In 1999, the Weisman Art Museum at the University of Minnesota exhibited Theatre of Wonder: Twenty-five Years In the Heart of the Beast, celebrating the works and productions by the theatre.

In 2017, the theatre received $275,000 from the will of Sarah Bowman, a performer and longtime supporter of the theatre. The funds are planned to be used in upgrading the theatre building. In 2018, the organization was awarded a grant by The Jerome Foundation.

Productions 
Over the years, productions have used various styles of puppet and mask performances, including bunraku and larger-than-life puppets. These include:
 "Puppet Cabaret!" (quarterly)
 "The Minotaur or: Amelia Earhart is Alive and Traveling in the Underworld" (2018)
 "Make Believe Neighborhood", celebrating Mr. Rogers (2018)
 "La Natividad" (2016, 2014, 2012, 2008, 2007, 2006)
 "Crow Boy", based on the children's book by Taro Yashima (2016)
 "Queen" by Junauda Petrus and Erik Ehn (2016)
 "La Befana" (2010, 2001, 1995, 1991, 1989, 1988, 1984, 1983, 1982, 1981, 1979, 1974)
 "The Story of Iqbal Masih" (1997)
 "Don Quixote" (1994, 1993)
 "This Land", a tribute to Woody Guthrie (1993)
 "Beowulf" (1985)
 "The Fisherman and His Wife" (1975, 1974)
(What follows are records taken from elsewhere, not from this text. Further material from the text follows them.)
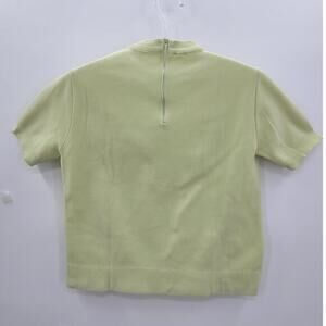 Add a pop of color to your wardrobe with this chartreuse green vintage knit sweater. Featuring a stylish mock neck and short sleeves, this sweater is both chic and comfortable. The zipper back detail adds a unique touch, making it easy to wear and perfect for layering. Crafted from a soft knit fabric, this piece is ideal for adding a retro flair to your everyday outfits. Embrace vintage fashion with this standout sweater.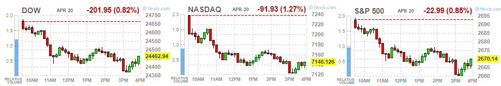 Most components of the DOW index recorded a decline (24 out of 30). Outsider were the shares of Apple Inc. (AAPL, -4.02%). The leader of growth was shares of General Electric Company (GE, + 3.93%) ..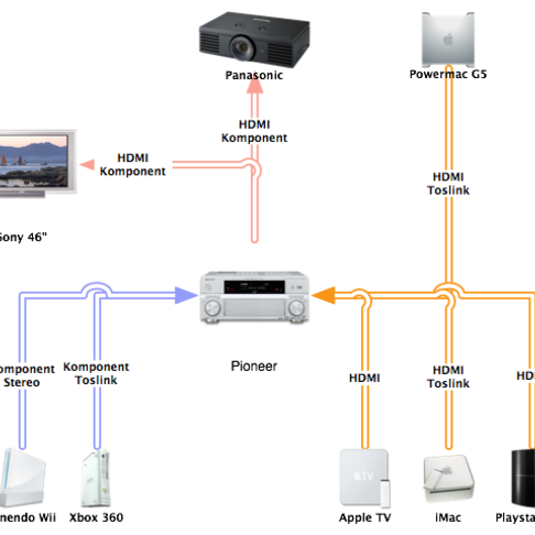 Förstärkaren är ju en Pioneer VSX-AX4ASi-S, som jag valde eftersom den stöder 1080p. Skitbra. Förutom att den är himla bökig att ställa in, gränssnittet för menyer och sådant är riktigt 80-tal och det hela känns väldigt primitivt, så funkar inte allt som jag vill. Till exempel så förlorar min Media-Mac kopplingen till den när den inte är vald, så när man väljer den igen så hoppar den inte igång och tror inte den har en monitor inkopplad. Jag kör DVI->HDMI kabel för den.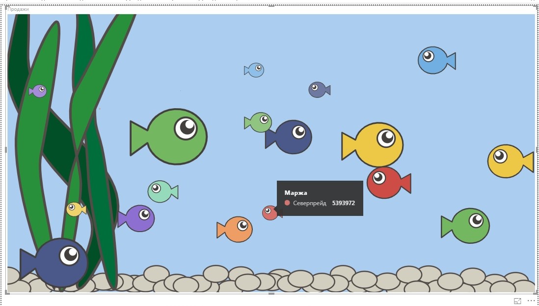Розмір кожної рибки відповідає розміру маржі, яку заробили на конкретному клієнті. Сюди ж можна ставити виручку, прибуток, показувати менеджерів або регіони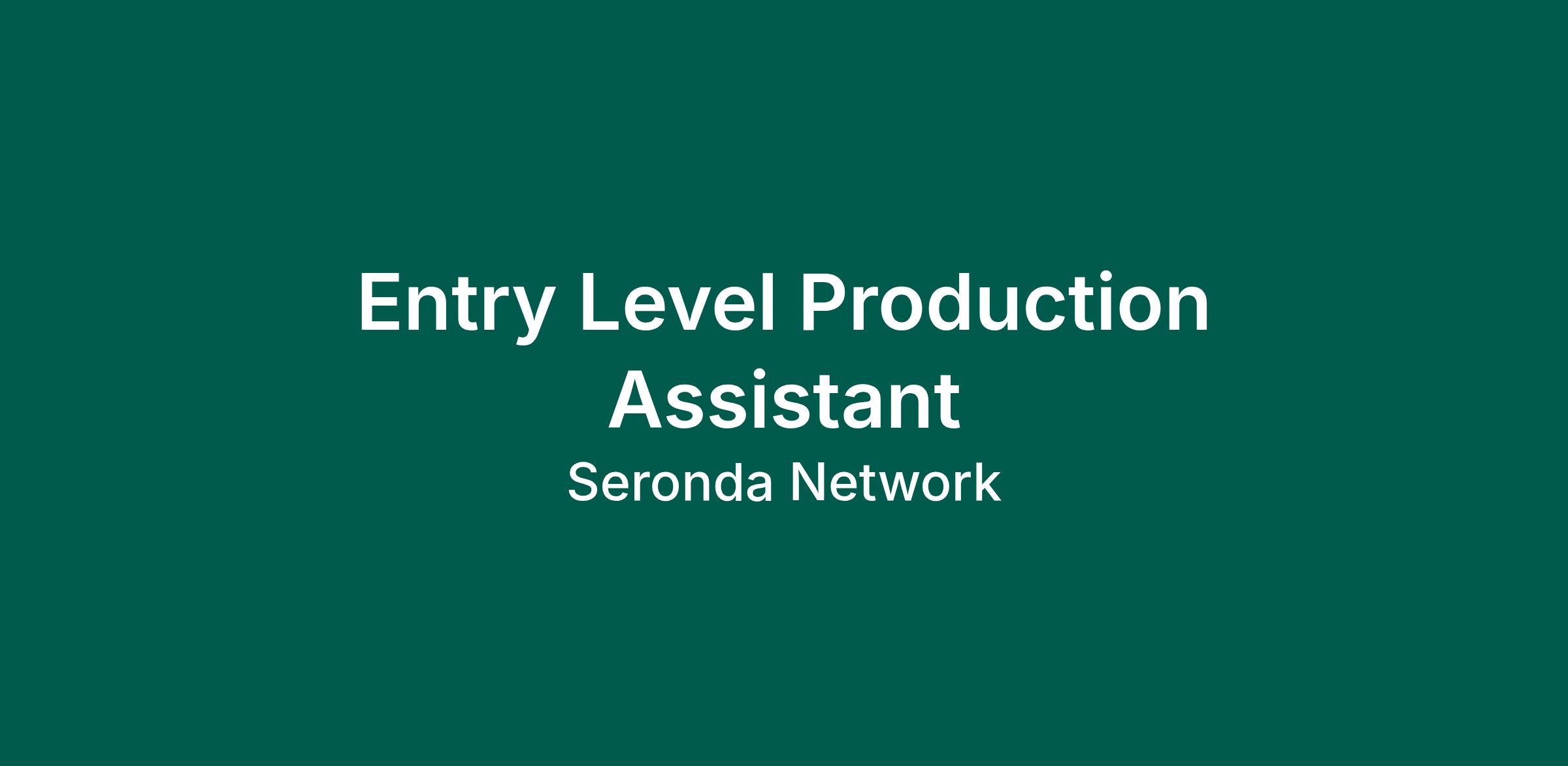 Join Seronda Networks as an Entry Level Production Assistant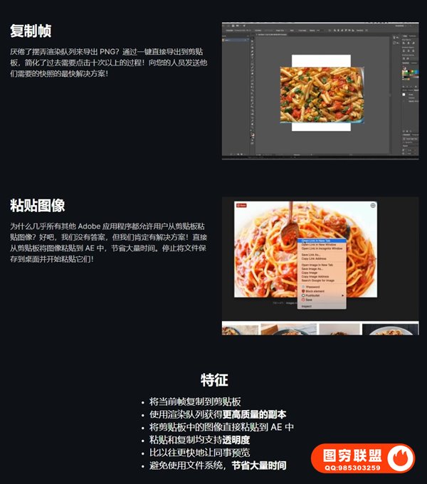 Copy Pasta是一个用于Adobe After Effects的脚本,它提供了简单而高效的复制和粘贴图像的功能。可以让AE和其他软件间复制粘贴图形图片,舍去了麻烦的导入导出,节约时间,提高效率。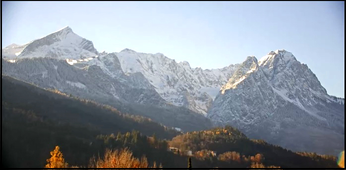 Webcam Garmisch a z ní foto 23.11.2023 = Alpspitze + Zugspitze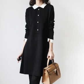 2021秋冬针织新款日系轻熟风长袖针织翻领假开衫轻...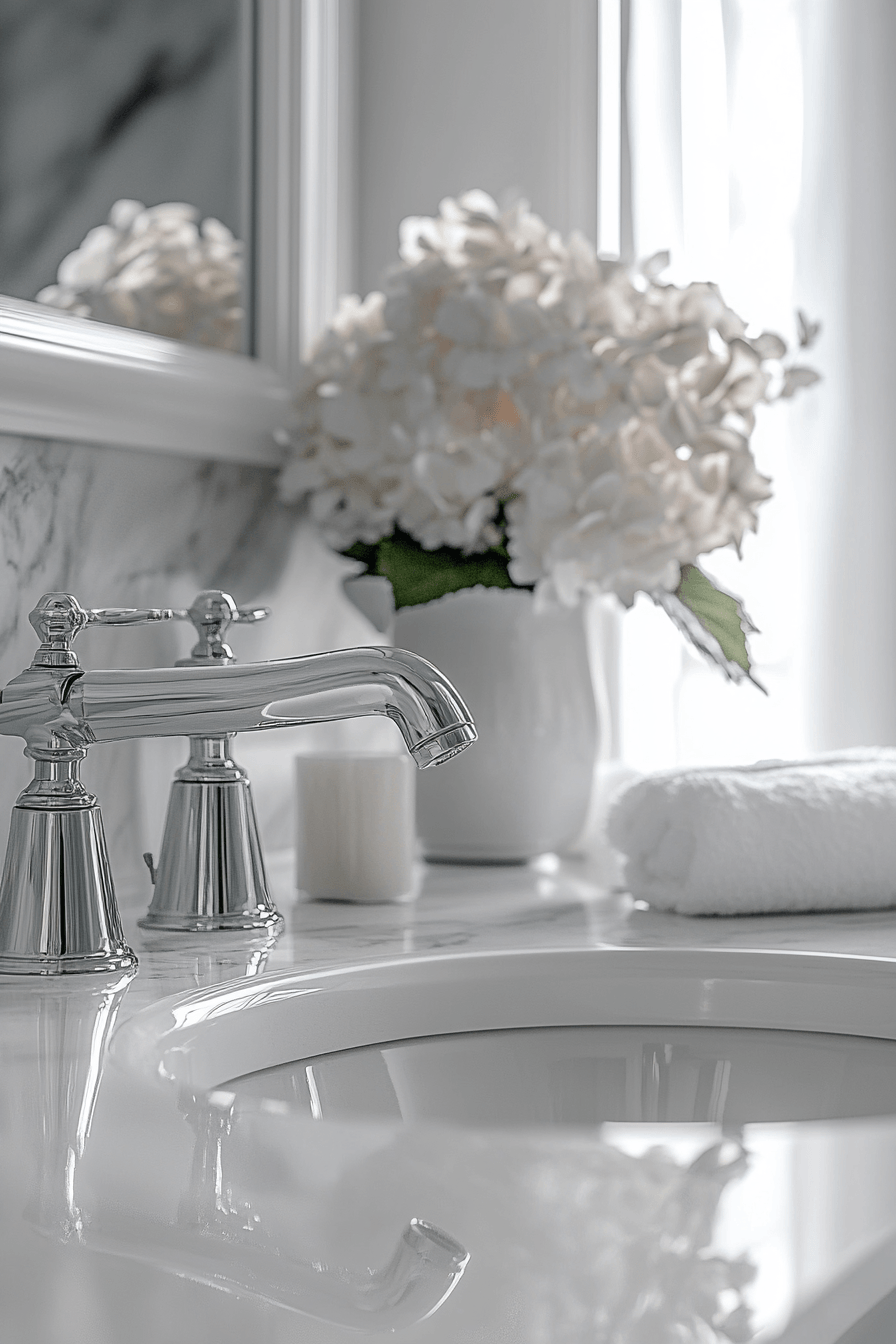 Chrome finishes elevate luxurious bathrooms with reflective surfaces that add clarity and brightness. Sleek fixtures create a crisp, modern edge. Light tones enhance the reflective quality. Minimal detailing keeps the look streamlined. Balanced textures add depth. The design feels clean and refined. Add polished chrome to your bathroom today!
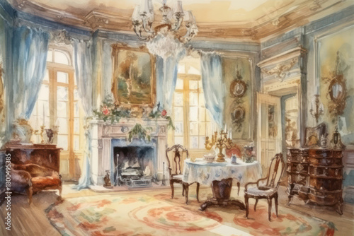 Naklejka premium An elegant living room interior in a classicist style, executed in soft watercolor tones.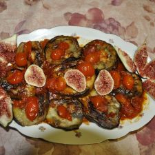 In un vassoio sistemate i tre tipi di antipasti. Decorate a piacere.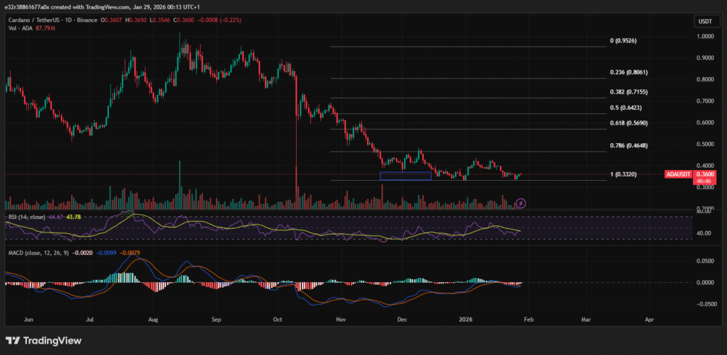 Cardano is showing signs of a steady recovery as of writing, with the asset now trading between $0.36 and $0.41.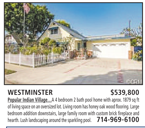 WESTMINSTER $539,800 Popular Indian Village…A 4bedroom 2bath pool home with aprox. 1879 sq ft of living space on an oversizedlot.Living room hashoneyoak wood flooring.Large bedroom addition downstairs, large family room with custom brick fireplace and hearth.Lushlandscapingaround thesparkling pool. 714-969-6100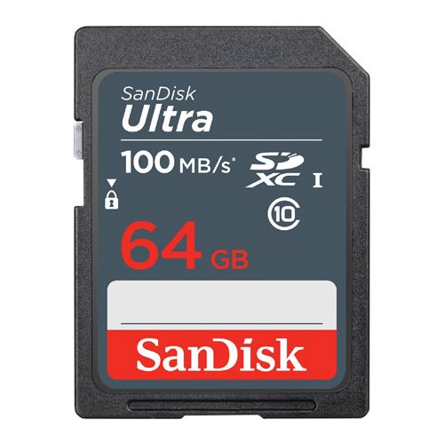 Paměťová karta Sandisk Ultra SDXC s kapacitou 64 GB je vhodná pro videokamery a fotoaparáty. Karta umožňuje pořizovat fotografie ve vysokém rozlišení a videa v rozlišení Full HD.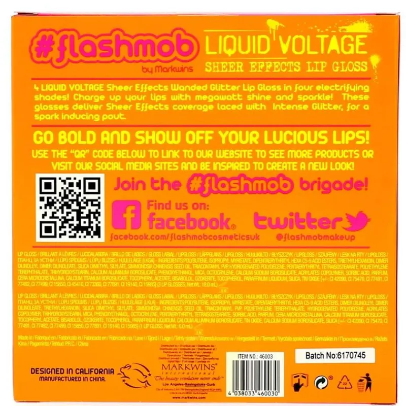 Da un toque final de luz y brillo a tus labios con estos lip gloss y consigue un resultado de alto voltaje. El pack Liquid Voltage de Flashmob contiene 4 lip gloss de distintos colores con efecto brillo. Aplícalos sobre tus labios, después de haber utilizado tu barra labial habitual, para conseguir un efecto chispeante. Peso Neto de los 4 pintalabios: 11,20 gramos/ml.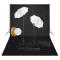 Kit de studio photo avec lampes toile de fond et réflecteur Ce kit de studio est idéal pour la photographie en studio ou sur une certaine place. Le système de fond télescopique est réglable en largeur et en hauteur, répondant à vos différents besoins. Combiné avec la toile de fond, il est idéal pour photographier et filmer. En utilisant les lampes à lumière du jour avec une température de couleur de 5500 Kelvin, l'ensemble d'éclairage est possible de capturer votre sujet de manière naturelle. Vous pouvez fixer la lampe sur un trépied et atteindre une hauteur maximale de 230 cm. Les deux parapluies blancs fournissent une lumière douce, évitant ainsi les ombres dures. De plus, le trépied a un filetage standard 1/4" pour tous les appareils photo analogiques et numériques. L'ensemble de réflecteurs comprend un réflecteur rond 5 en 1 et un réflecteur ellipse 2 en 1. Chaque réflecteur est livré avec des panneaux de surface différents. Vous pouvez utiliser différentes combinaisons pour des lumières plus chaudes ou plus froides.Avec le sac de transport inclus, le kit de studio est facile à ranger et à transporter. Cet appareil n'est pas destiné à être utilisé par des personnes (y compris des enfants) dont les capacités physiques, sensorielles ou mentales sont réduites, ou qui manquent d'expérience et de connaissances, à moins qu'elles n'aient bénéficié d'une surveillance ou d'instructions concernant l'utilisation de l'appareil de la part d'une personne responsable de leur sécurité. Ce produit n'est pas un jouet. Ne laissez pas les enfants jouer avec l'appareil.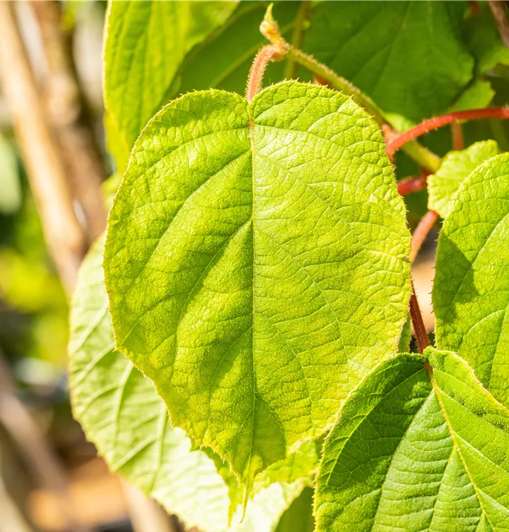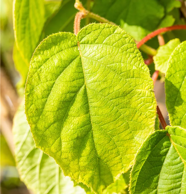 Die sommergrünen Blätter der Kiwi 'Solo' sind dunkelgrün, rundlich, wechselständig. Diese sind etwa 10 - 15 cm groß.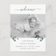 Este cartão postal de anúncio de nascimento de bebê simples e elegante apresenta folhas de cor aquática verde minimalista de folhas de eucalipto num fundo branco limpo com escrita manual. Adicione a sua foto favorita do seu recém-nascido para completar este olhar botânico.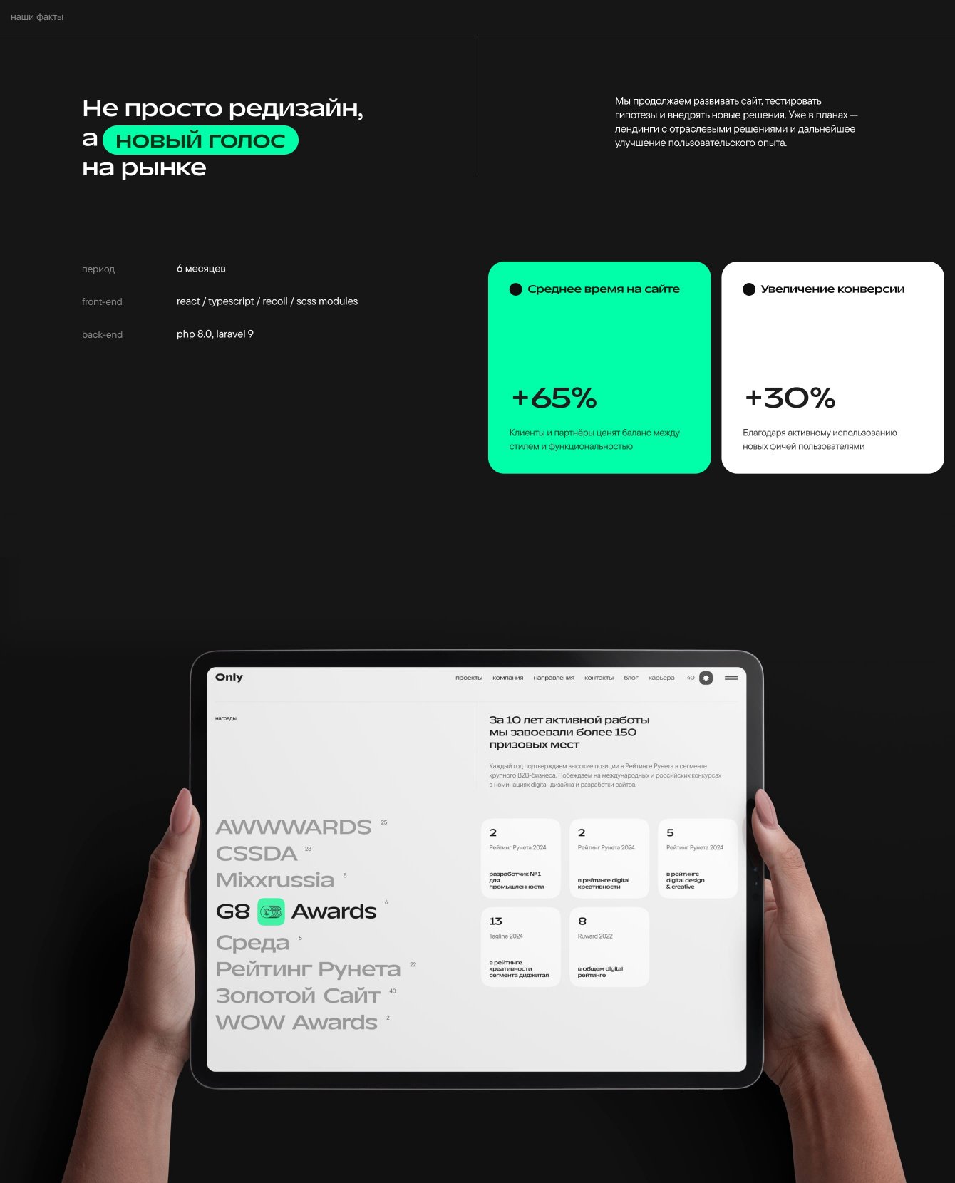 Only за 10 лет прошла путь от небольшой региональной веб-студии до диджитал-агентства на 100+ человек. Наши клиенты стали крупнее, проекты — сложнее, а старый сайт перестал соответствовать как нашим амбициям, так и ожиданиям аудитории.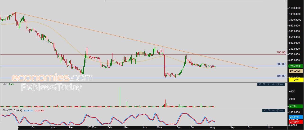 لهذا نحن نرجح عودة انخفاض السهم خلال تداولاته القادمة، خاصة في حالة كسره للدعم 600.00، ليستهدف بعدها مستوى الدعم المحوري 498.00.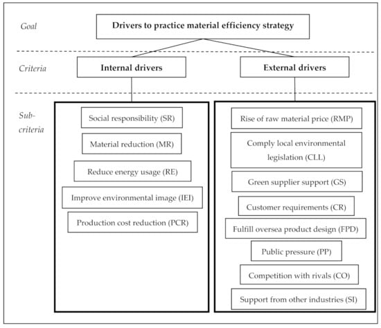 In past studies [22], two groups of drivers were commonly identified and studied, namely: (a) Internal drivers; and (b) External drivers. Internal drivers emphasize the organizational factors to encourage an organization to undertake manufacturing practices, such as increasing the company’s profits, while external drivers are defined as the external forces to motivate a manufacturing company to change or undertake appropriate practices, such as complying with environmental regulations. Both drivers are important measurements for a company to practice material efficiency. Using this classification as a foundation, the analyzed drivers were assigned to both groups, accordingly. A summary of the details of the internal and external drivers is shown in Table 1.
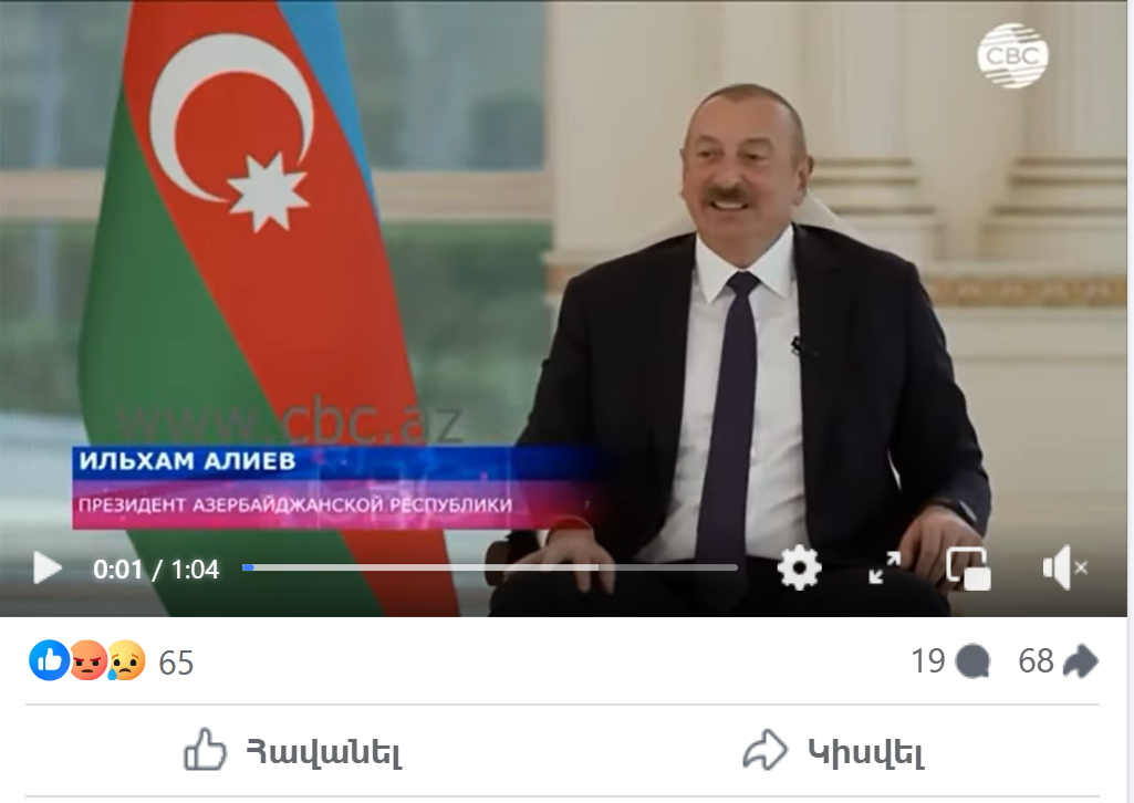 Այսպիսով, համացանցում ակտիվորեն տարածվող տեսանյութը, որը Իլհամ Ալիևի հարցազրույցից մի հատված է, նոր չէ։ Այն 2022 թ․ հունվարի 12-ին ադրբեջանական լրատվամիջոցներին տրված հարցազրույցից է, սակայն բազմաթիվ օգտատերերի կողմից ներկայացվում և շահարկվում է իբրև նոր տեղի ունեցած իրադարձություն։

May Day Parade and Tree of Life Ceremony 

The annual parade hosted by In the Heart of the Beast Theatre draws large crowds and showcases large puppets and floats and entertainment by performers. Each year's parade/festival has a theme, ranging from Spring and environmental topics to social topics like peace and racial justice. The event also features a festival in Powderhorn Park and a Tree of Life Ceremony involving more than 300 performers.

On January 9, 2019, the theatre announced that the 2019 May Day parade would be the last one they could sponsor on their own due to high costs of organizing and running the event.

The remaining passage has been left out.